Records from a data collection
--
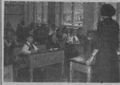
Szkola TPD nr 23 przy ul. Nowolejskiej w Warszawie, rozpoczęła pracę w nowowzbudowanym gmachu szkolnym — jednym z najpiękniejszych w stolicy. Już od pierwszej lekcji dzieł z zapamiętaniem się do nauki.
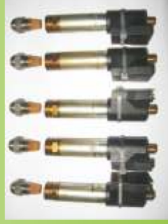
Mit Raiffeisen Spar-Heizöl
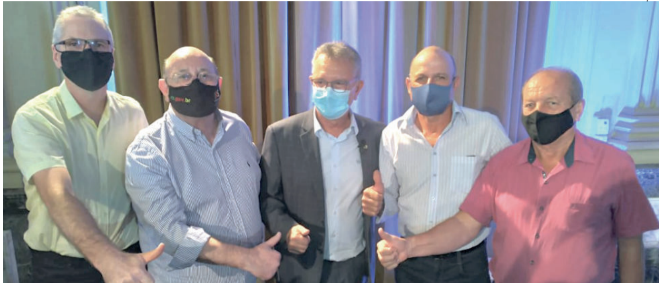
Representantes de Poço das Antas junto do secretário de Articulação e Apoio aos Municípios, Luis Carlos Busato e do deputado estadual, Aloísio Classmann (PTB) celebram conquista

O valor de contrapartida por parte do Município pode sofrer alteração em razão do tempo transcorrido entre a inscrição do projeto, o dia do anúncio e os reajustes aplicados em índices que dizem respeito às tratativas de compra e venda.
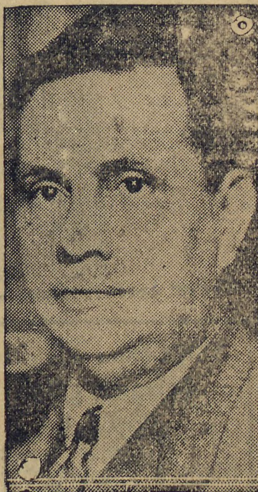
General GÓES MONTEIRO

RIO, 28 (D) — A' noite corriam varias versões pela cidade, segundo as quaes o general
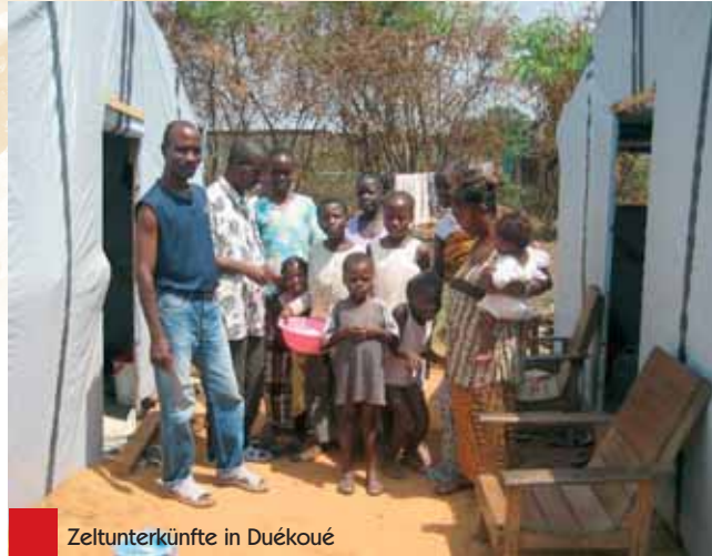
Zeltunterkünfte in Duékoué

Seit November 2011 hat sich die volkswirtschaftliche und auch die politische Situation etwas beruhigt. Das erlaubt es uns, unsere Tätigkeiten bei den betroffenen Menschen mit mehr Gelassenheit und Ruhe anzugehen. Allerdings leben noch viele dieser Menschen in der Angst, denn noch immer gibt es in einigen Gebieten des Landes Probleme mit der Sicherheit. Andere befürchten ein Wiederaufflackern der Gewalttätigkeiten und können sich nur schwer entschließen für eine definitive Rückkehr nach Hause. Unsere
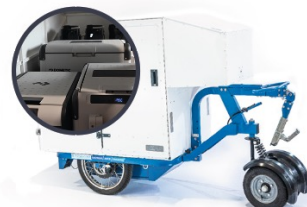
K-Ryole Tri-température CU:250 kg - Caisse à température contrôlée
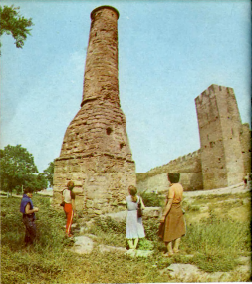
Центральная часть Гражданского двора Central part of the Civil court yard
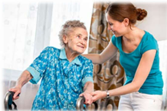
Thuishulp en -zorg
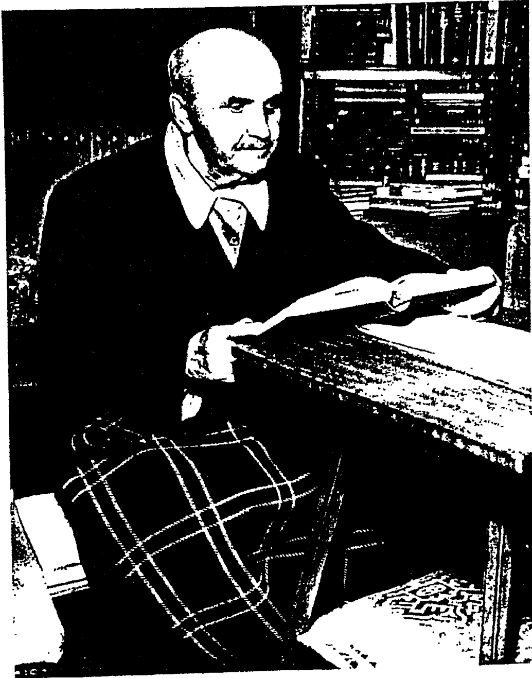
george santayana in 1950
--
> Your assignment
What must be output is the exact run of lines from the one holding "Центральная часть Гражданского" through the end of the entries above, both ends included, minus the pictures.

> Task response
Центральная часть Гражданского двора Central part of the Civil court yard
Thuishulp en -zorg
george santayana in 1950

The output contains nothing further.